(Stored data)
- - - - - - -

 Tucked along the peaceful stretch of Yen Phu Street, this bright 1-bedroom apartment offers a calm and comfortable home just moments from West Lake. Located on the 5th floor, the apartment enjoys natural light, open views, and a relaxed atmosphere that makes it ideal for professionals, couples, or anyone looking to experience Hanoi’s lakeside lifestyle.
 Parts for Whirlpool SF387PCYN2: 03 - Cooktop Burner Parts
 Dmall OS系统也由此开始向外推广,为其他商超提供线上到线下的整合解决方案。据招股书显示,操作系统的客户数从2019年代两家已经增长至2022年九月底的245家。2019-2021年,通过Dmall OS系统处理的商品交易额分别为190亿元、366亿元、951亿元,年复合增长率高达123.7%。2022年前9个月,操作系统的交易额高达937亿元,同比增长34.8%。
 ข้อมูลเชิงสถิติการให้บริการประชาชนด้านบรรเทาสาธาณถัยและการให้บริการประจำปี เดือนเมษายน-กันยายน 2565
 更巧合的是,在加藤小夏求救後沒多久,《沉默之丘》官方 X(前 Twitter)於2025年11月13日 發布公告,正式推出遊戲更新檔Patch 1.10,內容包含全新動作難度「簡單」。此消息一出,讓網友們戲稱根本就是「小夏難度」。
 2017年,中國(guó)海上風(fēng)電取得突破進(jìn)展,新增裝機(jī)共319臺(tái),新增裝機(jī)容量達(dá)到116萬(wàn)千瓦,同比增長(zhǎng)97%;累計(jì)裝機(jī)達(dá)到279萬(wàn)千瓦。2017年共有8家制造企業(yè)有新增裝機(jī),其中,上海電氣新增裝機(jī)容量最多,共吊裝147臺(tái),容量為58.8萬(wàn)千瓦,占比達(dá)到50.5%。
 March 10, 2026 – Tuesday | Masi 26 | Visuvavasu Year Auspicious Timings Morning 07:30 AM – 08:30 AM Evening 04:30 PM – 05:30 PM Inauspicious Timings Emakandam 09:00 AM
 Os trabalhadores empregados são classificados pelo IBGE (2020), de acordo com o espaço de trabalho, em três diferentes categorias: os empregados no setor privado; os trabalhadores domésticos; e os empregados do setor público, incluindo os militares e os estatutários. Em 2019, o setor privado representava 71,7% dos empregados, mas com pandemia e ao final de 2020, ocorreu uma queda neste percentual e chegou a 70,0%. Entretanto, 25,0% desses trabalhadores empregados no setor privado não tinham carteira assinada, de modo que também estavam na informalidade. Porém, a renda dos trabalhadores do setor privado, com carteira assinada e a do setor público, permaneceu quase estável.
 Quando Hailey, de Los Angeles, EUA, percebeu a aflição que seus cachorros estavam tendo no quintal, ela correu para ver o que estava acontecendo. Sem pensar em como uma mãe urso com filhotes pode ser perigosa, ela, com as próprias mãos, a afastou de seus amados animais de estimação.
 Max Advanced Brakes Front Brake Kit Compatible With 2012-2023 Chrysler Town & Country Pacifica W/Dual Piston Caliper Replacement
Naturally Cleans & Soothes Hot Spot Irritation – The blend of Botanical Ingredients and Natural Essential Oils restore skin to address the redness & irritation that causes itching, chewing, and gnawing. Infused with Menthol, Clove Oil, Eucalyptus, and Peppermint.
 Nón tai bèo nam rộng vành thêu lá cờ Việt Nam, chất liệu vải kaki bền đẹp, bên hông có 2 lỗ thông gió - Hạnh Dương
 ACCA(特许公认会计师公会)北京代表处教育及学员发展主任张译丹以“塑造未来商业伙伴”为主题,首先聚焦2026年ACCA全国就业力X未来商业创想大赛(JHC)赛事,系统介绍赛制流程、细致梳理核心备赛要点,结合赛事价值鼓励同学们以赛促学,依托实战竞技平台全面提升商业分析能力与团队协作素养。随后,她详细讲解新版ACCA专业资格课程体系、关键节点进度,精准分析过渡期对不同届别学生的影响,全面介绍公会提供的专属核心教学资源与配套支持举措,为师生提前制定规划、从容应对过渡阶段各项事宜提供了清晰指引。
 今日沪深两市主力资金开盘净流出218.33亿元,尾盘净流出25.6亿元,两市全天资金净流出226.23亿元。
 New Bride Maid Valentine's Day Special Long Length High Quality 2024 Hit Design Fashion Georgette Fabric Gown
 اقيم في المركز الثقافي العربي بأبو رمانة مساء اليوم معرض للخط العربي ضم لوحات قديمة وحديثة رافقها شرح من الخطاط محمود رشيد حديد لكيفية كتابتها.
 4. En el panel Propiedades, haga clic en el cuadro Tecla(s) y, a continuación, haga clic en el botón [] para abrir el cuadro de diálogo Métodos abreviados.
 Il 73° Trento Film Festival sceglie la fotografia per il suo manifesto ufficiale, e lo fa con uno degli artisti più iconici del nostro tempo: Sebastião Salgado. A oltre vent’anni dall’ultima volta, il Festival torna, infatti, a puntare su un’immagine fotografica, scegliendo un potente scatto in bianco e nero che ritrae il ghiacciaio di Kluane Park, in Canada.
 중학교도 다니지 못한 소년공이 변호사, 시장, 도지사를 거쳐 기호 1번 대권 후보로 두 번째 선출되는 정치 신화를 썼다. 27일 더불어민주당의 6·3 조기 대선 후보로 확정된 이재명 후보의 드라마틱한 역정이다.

- - - - - - -

Reproduce the preceding records exactly and completely.

 Tucked along the peaceful stretch of Yen Phu Street, this bright 1-bedroom apartment offers a calm and comfortable home just moments from West Lake. Located on the 5th floor, the apartment enjoys natural light, open views, and a relaxed atmosphere that makes it ideal for professionals, couples, or anyone looking to experience Hanoi’s lakeside lifestyle.
 Parts for Whirlpool SF387PCYN2: 03 - Cooktop Burner Parts
 Dmall OS系统也由此开始向外推广,为其他商超提供线上到线下的整合解决方案。据招股书显示,操作系统的客户数从2019年代两家已经增长至2022年九月底的245家。2019-2021年,通过Dmall OS系统处理的商品交易额分别为190亿元、366亿元、951亿元,年复合增长率高达123.7%。2022年前9个月,操作系统的交易额高达937亿元,同比增长34.8%。
 ข้อมูลเชิงสถิติการให้บริการประชาชนด้านบรรเทาสาธาณถัยและการให้บริการประจำปี เดือนเมษายน-กันยายน 2565
 更巧合的是,在加藤小夏求救後沒多久,《沉默之丘》官方 X(前 Twitter)於2025年11月13日 發布公告,正式推出遊戲更新檔Patch 1.10,內容包含全新動作難度「簡單」。此消息一出,讓網友們戲稱根本就是「小夏難度」。
 2017年,中國(guó)海上風(fēng)電取得突破進(jìn)展,新增裝機(jī)共319臺(tái),新增裝機(jī)容量達(dá)到116萬(wàn)千瓦,同比增長(zhǎng)97%;累計(jì)裝機(jī)達(dá)到279萬(wàn)千瓦。2017年共有8家制造企業(yè)有新增裝機(jī),其中,上海電氣新增裝機(jī)容量最多,共吊裝147臺(tái),容量為58.8萬(wàn)千瓦,占比達(dá)到50.5%。
 March 10, 2026 – Tuesday | Masi 26 | Visuvavasu Year Auspicious Timings Morning 07:30 AM – 08:30 AM Evening 04:30 PM – 05:30 PM Inauspicious Timings Emakandam 09:00 AM
 Os trabalhadores empregados são classificados pelo IBGE (2020), de acordo com o espaço de trabalho, em três diferentes categorias: os empregados no setor privado; os trabalhadores domésticos; e os empregados do setor público, incluindo os militares e os estatutários. Em 2019, o setor privado representava 71,7% dos empregados, mas com pandemia e ao final de 2020, ocorreu uma queda neste percentual e chegou a 70,0%. Entretanto, 25,0% desses trabalhadores empregados no setor privado não tinham carteira assinada, de modo que também estavam na informalidade. Porém, a renda dos trabalhadores do setor privado, com carteira assinada e a do setor público, permaneceu quase estável.
 Quando Hailey, de Los Angeles, EUA, percebeu a aflição que seus cachorros estavam tendo no quintal, ela correu para ver o que estava acontecendo. Sem pensar em como uma mãe urso com filhotes pode ser perigosa, ela, com as próprias mãos, a afastou de seus amados animais de estimação.
 Max Advanced Brakes Front Brake Kit Compatible With 2012-2023 Chrysler Town & Country Pacifica W/Dual Piston Caliper Replacement
Naturally Cleans & Soothes Hot Spot Irritation – The blend of Botanical Ingredients and Natural Essential Oils restore skin to address the redness & irritation that causes itching, chewing, and gnawing. Infused with Menthol, Clove Oil, Eucalyptus, and Peppermint.
 Nón tai bèo nam rộng vành thêu lá cờ Việt Nam, chất liệu vải kaki bền đẹp, bên hông có 2 lỗ thông gió - Hạnh Dương
 ACCA(特许公认会计师公会)北京代表处教育及学员发展主任张译丹以“塑造未来商业伙伴”为主题,首先聚焦2026年ACCA全国就业力X未来商业创想大赛(JHC)赛事,系统介绍赛制流程、细致梳理核心备赛要点,结合赛事价值鼓励同学们以赛促学,依托实战竞技平台全面提升商业分析能力与团队协作素养。随后,她详细讲解新版ACCA专业资格课程体系、关键节点进度,精准分析过渡期对不同届别学生的影响,全面介绍公会提供的专属核心教学资源与配套支持举措,为师生提前制定规划、从容应对过渡阶段各项事宜提供了清晰指引。
 今日沪深两市主力资金开盘净流出218.33亿元,尾盘净流出25.6亿元,两市全天资金净流出226.23亿元。
 New Bride Maid Valentine's Day Special Long Length High Quality 2024 Hit Design Fashion Georgette Fabric Gown
 اقيم في المركز الثقافي العربي بأبو رمانة مساء اليوم معرض للخط العربي ضم لوحات قديمة وحديثة رافقها شرح من الخطاط محمود رشيد حديد لكيفية كتابتها.
 4. En el panel Propiedades, haga clic en el cuadro Tecla(s) y, a continuación, haga clic en el botón [] para abrir el cuadro de diálogo Métodos abreviados.
 Il 73° Trento Film Festival sceglie la fotografia per il suo manifesto ufficiale, e lo fa con uno degli artisti più iconici del nostro tempo: Sebastião Salgado. A oltre vent’anni dall’ultima volta, il Festival torna, infatti, a puntare su un’immagine fotografica, scegliendo un potente scatto in bianco e nero che ritrae il ghiacciaio di Kluane Park, in Canada.
 중학교도 다니지 못한 소년공이 변호사, 시장, 도지사를 거쳐 기호 1번 대권 후보로 두 번째 선출되는 정치 신화를 썼다. 27일 더불어민주당의 6·3 조기 대선 후보로 확정된 이재명 후보의 드라마틱한 역정이다.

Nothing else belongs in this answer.